1. The browser opens up a connection to the server computer. This is like dialing a phone and having the server answer.
2. The browser sends a message over the connection that says “I’d like your homepage, please.”
3. The server sends the HTML code that represents the site’s homepage and then hangs up the connection.

This worked great, except that step #1 was kind of slow — typically a browser will need to request not just one but many different pages and resources from the server, so “redialing” over and over was wasteful. So the protocol was updated with something called “keep-alive”, in which case the connection is kept open and used for multiple requests.

But this presented a small problem. The only way the browser knew the page was “done” was by noticing that the server had hung up the connection. If that connection stays open, how does the client figure this out? Very simply — in this new version, the server tells the browser how much data it’s going to send:

1. The browser opens up a connection to the server computer.
2. The browser asks for page #1.
3. The servers says “ok, this page is 4,000 bytes long.

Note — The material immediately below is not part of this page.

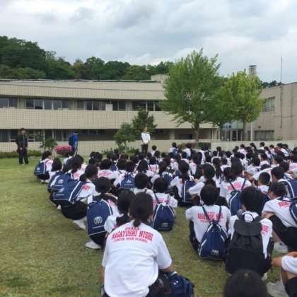 お弁当タイムが終了。あいさつと施設の説明を聞きます。

Here you go.” And then sends the data.
4. The browser reads out those 4,000 bytes and then using the same connection asks for page #2.
5. The server says “ok, this one is 2,000 bytes long. Here you go.” And so on.

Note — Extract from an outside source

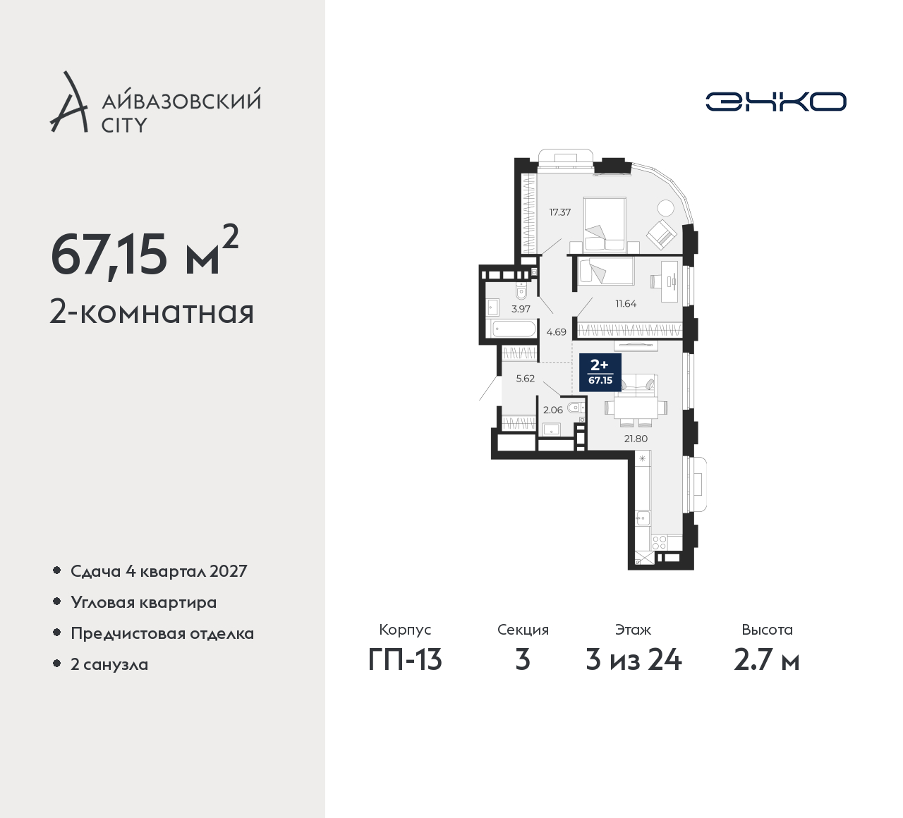 - Общая площадь 67.15 м²

This is way more efficient. OK, so file that one away for a moment.

Another feature of HTTP is that the browser can ask for data in a few ways. The most common is “GET”, which just asks the server to send the data for the page, thank you very much. But sometimes the browser doesn’t need the actually data for a page, it just needs to see if it’s still there and check if it’s changed since the last time it looked. For this, it can make a “HEAD” request. The HEAD request works like this:

1. The browser opens up a connection to the server computer, like normal.
2. The browser makes a “HEAD” request for page #1.
3. The server says “ok, this page is 4,000 bytes long, and it last changed on 12/1/2014.” But it doesn’t send the actual data … just general information like the size of the page.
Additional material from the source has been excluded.